§ WORK TASK
Pictures are not part of the copy. Write out exactly the lines from the line with "Para crear un" through the end of the entries below.

------

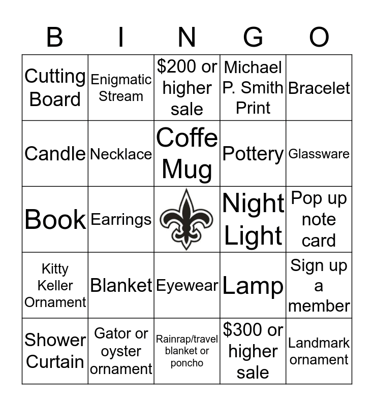 This bingo card has a free space and 29 words: Shower Curtain, Plush toy, Earrings, Tie,belt, or hat, Cutting Board, $200 or higher sale, Necklace, Blanket, Night Light, Gator or oyster ornament, Pop up note card, Landmark ornament, Rainrap/travel blanket or poncho, $300 or higher sale, Glassware, Alexa Pulitzer Stationary, Eyewear, Kitty Keller Ornament, Bracelet, Book, Lamp, Umbrella, Pottery, Candle, Michael P. Smith Print, Enigmatic Stream, Sign up a member, Coffe Mug and Pillow.
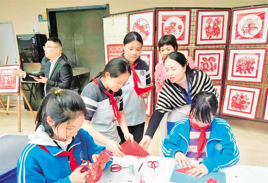 走進(jìn)張莉的課堂里,滿目色彩繽紛的剪紙作品,大大小小地陳列在展臺(tái)處。整整齊齊的桌凳圍成一個(gè)個(gè)不同形狀,以便于學(xué)生更好地進(jìn)行交流。她用學(xué)生通俗易懂的語言為學(xué)生傳授剪紙技巧:“同學(xué)們,我們首先把需要用的彩紙對(duì)折接著裁剪出合適的大小。然后再描出自己想要剪出的形狀……”通過紙張?jiān)谥讣鈦砘胤D(zhuǎn),手中的剪刀“咔嚓咔嚓”,一幅幅美輪美奐的作品便呈現(xiàn)在眼前。每周張莉都要給學(xué)生們上幾節(jié)美術(shù)課,這也讓很多學(xué)生對(duì)剪紙產(chǎn)生了濃厚的興趣,創(chuàng)造出很多優(yōu)秀作品。
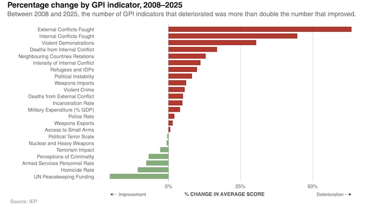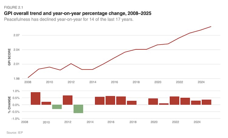 The bloodied and more violent state of the world has started reflecting in words. The Global Peace Index in 2025 highlighted that currently the world is the least peaceful it has been after World War II. “Global peace is at its lowest level since the inception of the Index, while the conditions that precede conflict are the worst since WWII,” the report noted last year. “Global peacefulness has deteriorated every year since 2014, with 100 countries deteriorating over the last decade. There are currently 59 active state-based conflicts – the most since the end of WWII, with 152,000 conflict-related deaths recorded in 2024.”
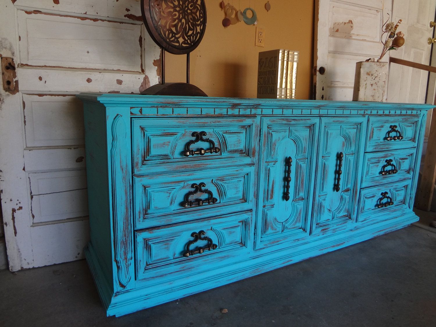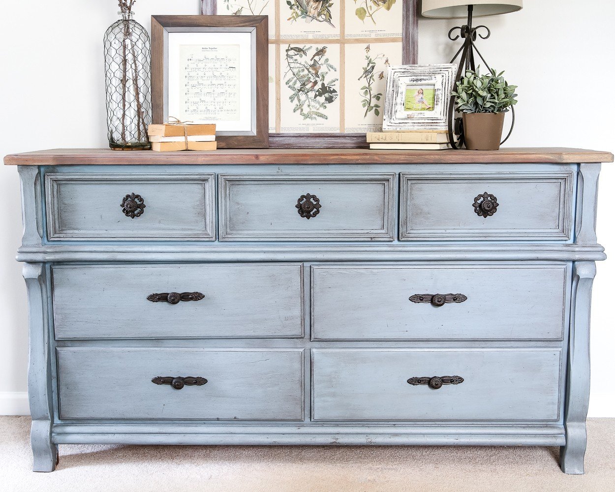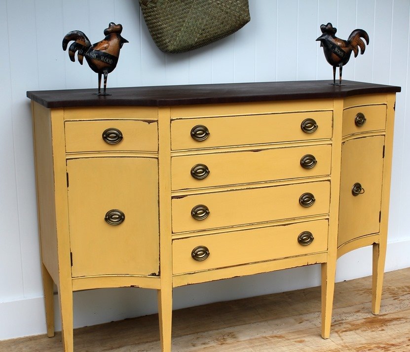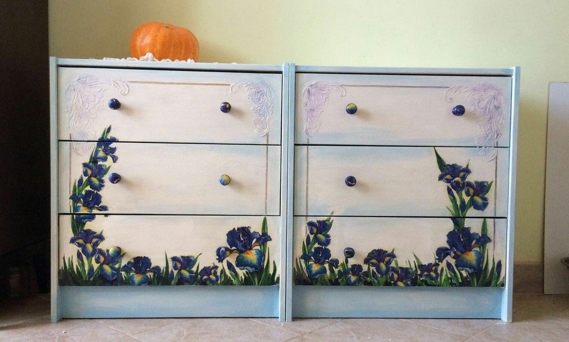 Para crear un buffet o una cómoda en el estilo provenzal, los lugares individuales en la fachada, las esquinas y la decoración se pintan con esmalte marrón o azul, después del secado se enceran. Toda la superficie está pintada 2-3 veces con esmalte blanco. Los fragmentos encerados se limpian con un cuchillo o espátula.
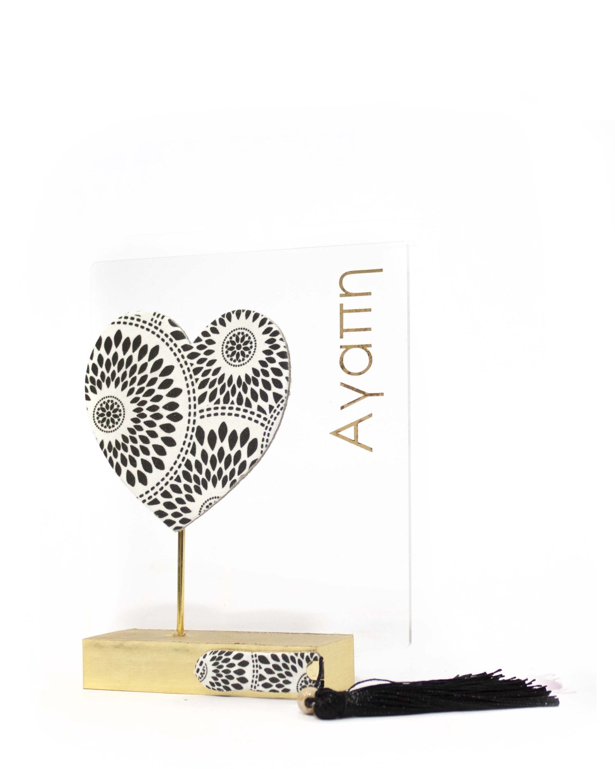 Χειροποίητο γούρι 2026 με υφασμάτινη καρδιά σε ξύλινη βάση και πλάτη απο plexiglass με ευχή ΄΄αγάπη΄΄
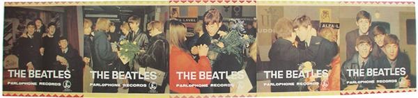 Big Beat Extra British Promotional Poster boasts “The Biggest Pop Wall Panel In The World”. Each panel has a great image of the Beatles circa 1965. Measures 48x13.25”. Condition is EX, just some pinholes on perimeter; folded poster is clean and has an amazing early look.
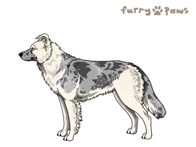 Color: | Roaned Silver Merle and White (Piebald) with Blue Saddle and Mask |
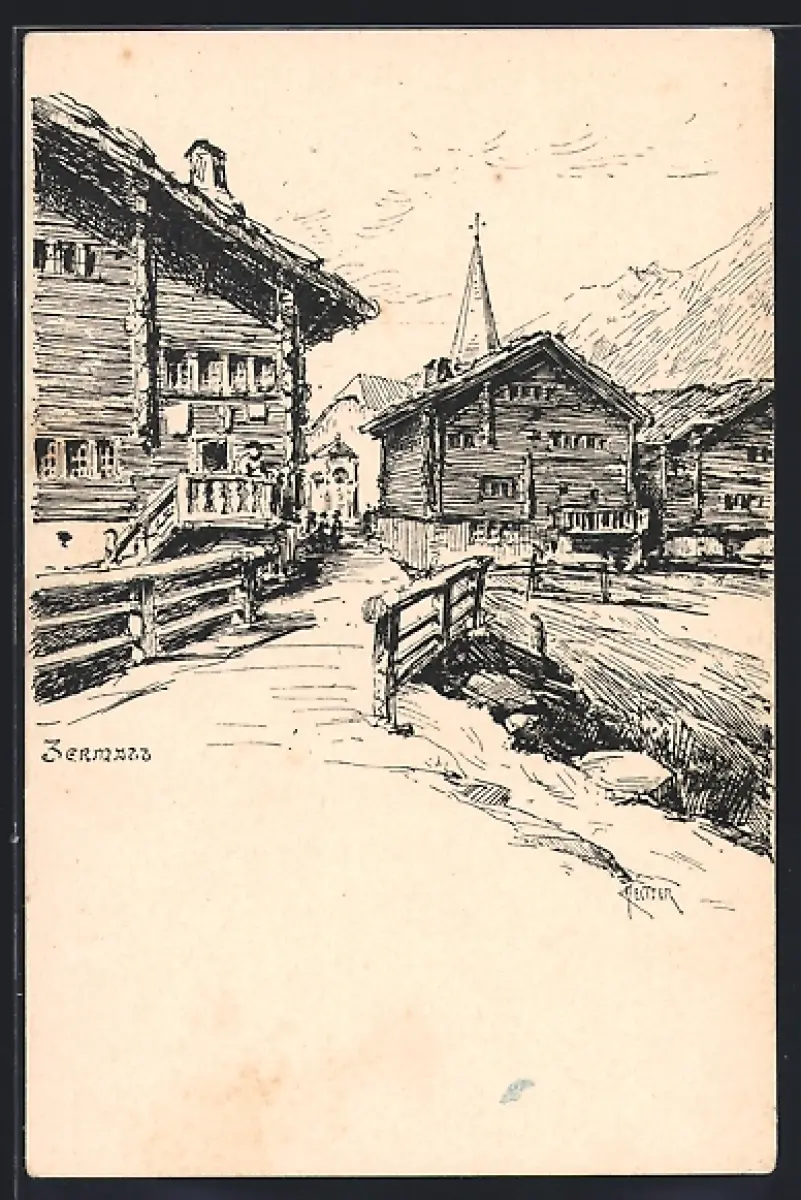 Künstler-AK Zermatt, Strassenpartie mit Gebäudeansicht

------

§ OUTPUT OF THE EXERCISE
 Para crear un buffet o una cómoda en el estilo provenzal, los lugares individuales en la fachada, las esquinas y la decoración se pintan con esmalte marrón o azul, después del secado se enceran. Toda la superficie está pintada 2-3 veces con esmalte blanco. Los fragmentos encerados se limpian con un cuchillo o espátula.
 Χειροποίητο γούρι 2026 με υφασμάτινη καρδιά σε ξύλινη βάση και πλάτη απο plexiglass με ευχή ΄΄αγάπη΄΄
 Big Beat Extra British Promotional Poster boasts “The Biggest Pop Wall Panel In The World”. Each panel has a great image of the Beatles circa 1965. Measures 48x13.25”. Condition is EX, just some pinholes on perimeter; folded poster is clean and has an amazing early look.
 Color: | Roaned Silver Merle and White (Piebald) with Blue Saddle and Mask |
 Künstler-AK Zermatt, Strassenpartie mit Gebäudeansicht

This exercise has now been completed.